Prompt:
In the material below, find the line containing "1. Підтримати запит" and the line containing "網(wǎng)站主要是買賣Q". Output those two lines and all lines between them exactly, without pictures.

Given entries:

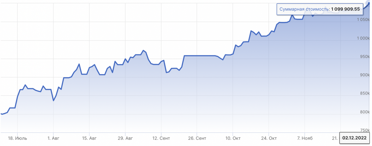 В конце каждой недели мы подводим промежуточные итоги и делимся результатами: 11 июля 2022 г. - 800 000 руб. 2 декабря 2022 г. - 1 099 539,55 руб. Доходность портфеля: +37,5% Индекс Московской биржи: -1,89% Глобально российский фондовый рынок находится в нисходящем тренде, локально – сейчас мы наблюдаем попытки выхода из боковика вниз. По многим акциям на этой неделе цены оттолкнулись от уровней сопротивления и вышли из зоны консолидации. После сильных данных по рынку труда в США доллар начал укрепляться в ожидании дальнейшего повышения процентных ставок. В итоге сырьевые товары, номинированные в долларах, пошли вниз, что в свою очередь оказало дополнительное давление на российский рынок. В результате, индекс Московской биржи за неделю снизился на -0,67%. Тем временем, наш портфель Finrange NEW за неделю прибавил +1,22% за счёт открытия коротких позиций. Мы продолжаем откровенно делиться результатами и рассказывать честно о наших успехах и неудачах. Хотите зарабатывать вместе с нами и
* * *
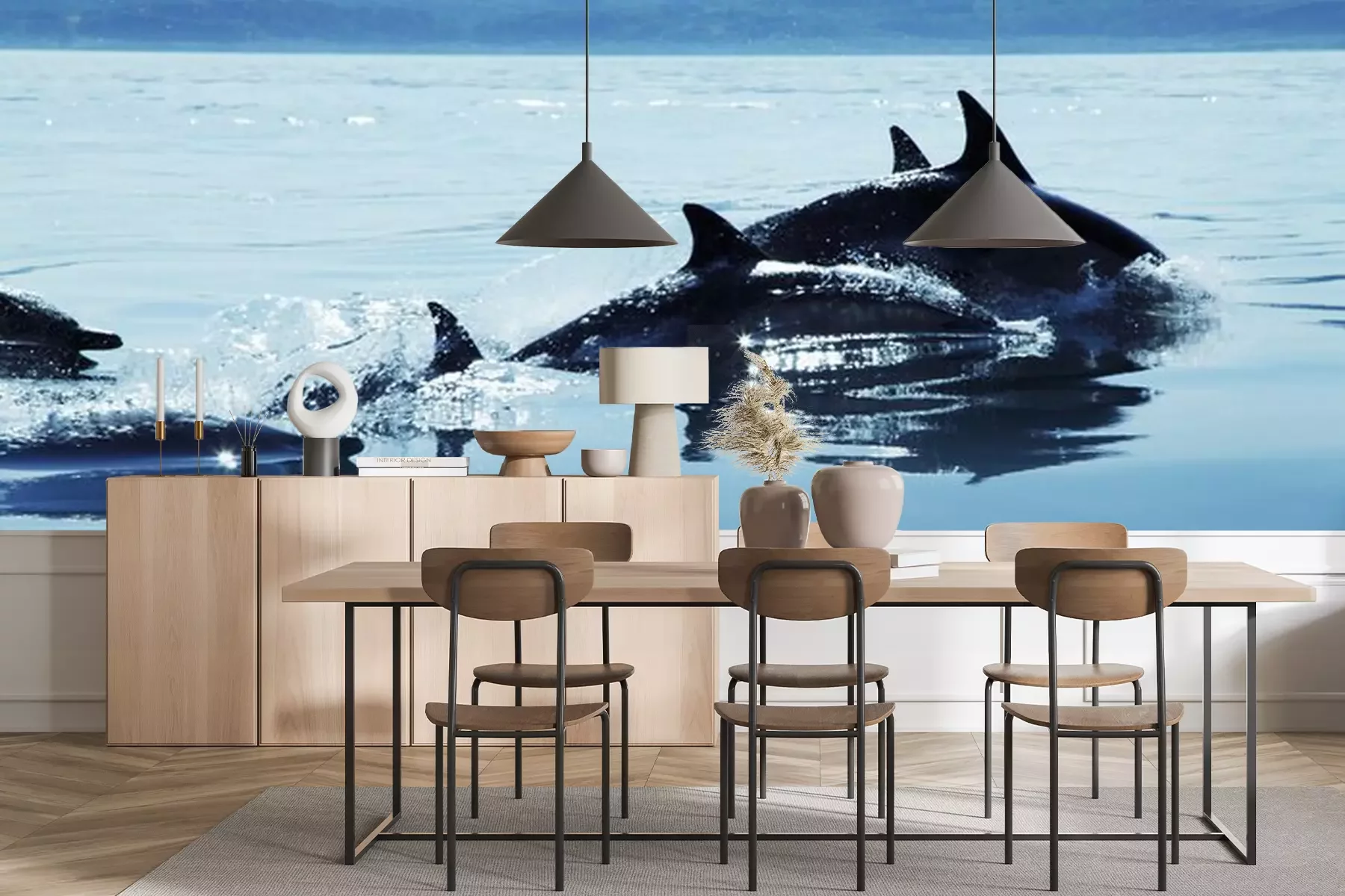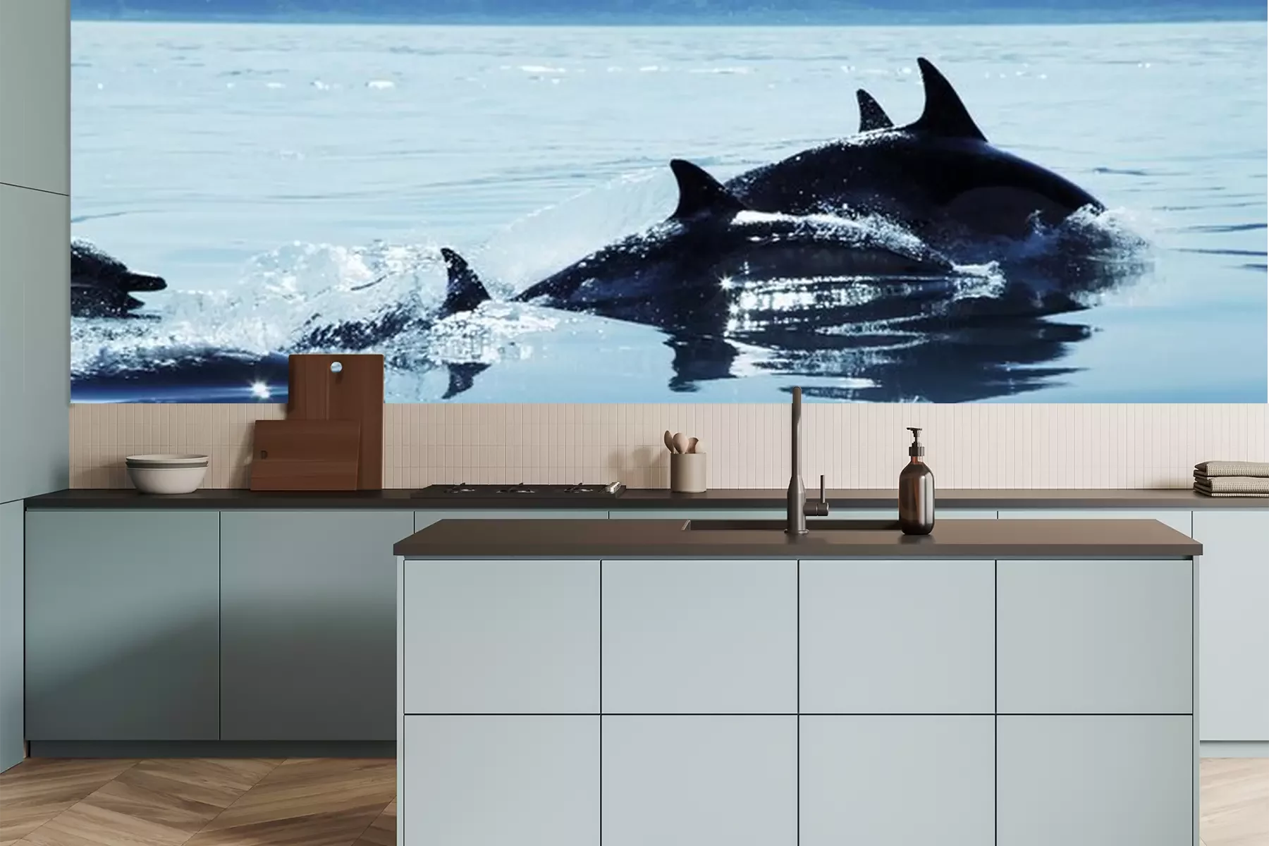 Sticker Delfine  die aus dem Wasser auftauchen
==
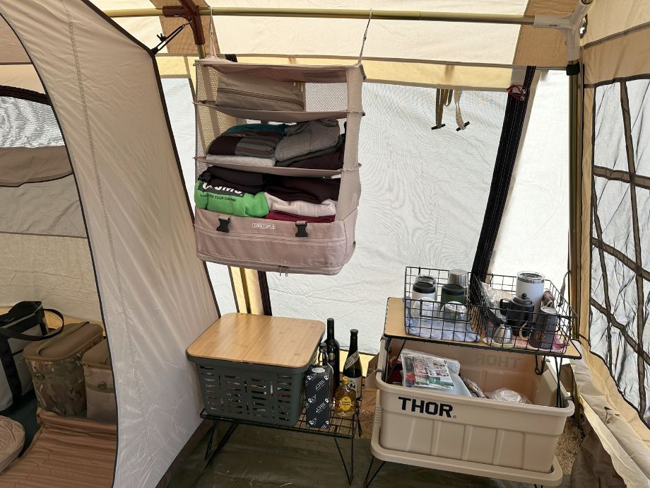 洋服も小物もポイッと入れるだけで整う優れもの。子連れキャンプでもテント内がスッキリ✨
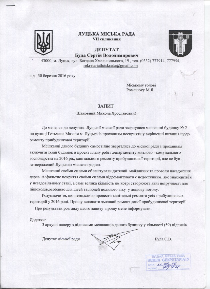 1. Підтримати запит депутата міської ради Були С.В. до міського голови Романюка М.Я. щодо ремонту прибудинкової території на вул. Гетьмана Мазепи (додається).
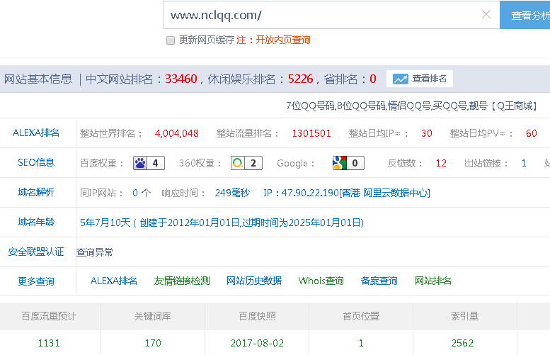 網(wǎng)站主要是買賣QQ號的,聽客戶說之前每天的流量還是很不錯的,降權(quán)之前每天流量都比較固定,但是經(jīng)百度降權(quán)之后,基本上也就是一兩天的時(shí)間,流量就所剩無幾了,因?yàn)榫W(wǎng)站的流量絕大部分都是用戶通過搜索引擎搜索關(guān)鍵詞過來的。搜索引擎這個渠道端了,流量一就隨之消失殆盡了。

Written reply:
 1. Підтримати запит депутата міської ради Були С.В. до міського голови Романюка М.Я. щодо ремонту прибудинкової території на вул. Гетьмана Мазепи (додається).
 網(wǎng)站主要是買賣QQ號的,聽客戶說之前每天的流量還是很不錯的,降權(quán)之前每天流量都比較固定,但是經(jīng)百度降權(quán)之后,基本上也就是一兩天的時(shí)間,流量就所剩無幾了,因?yàn)榫W(wǎng)站的流量絕大部分都是用戶通過搜索引擎搜索關(guān)鍵詞過來的。搜索引擎這個渠道端了,流量一就隨之消失殆盡了。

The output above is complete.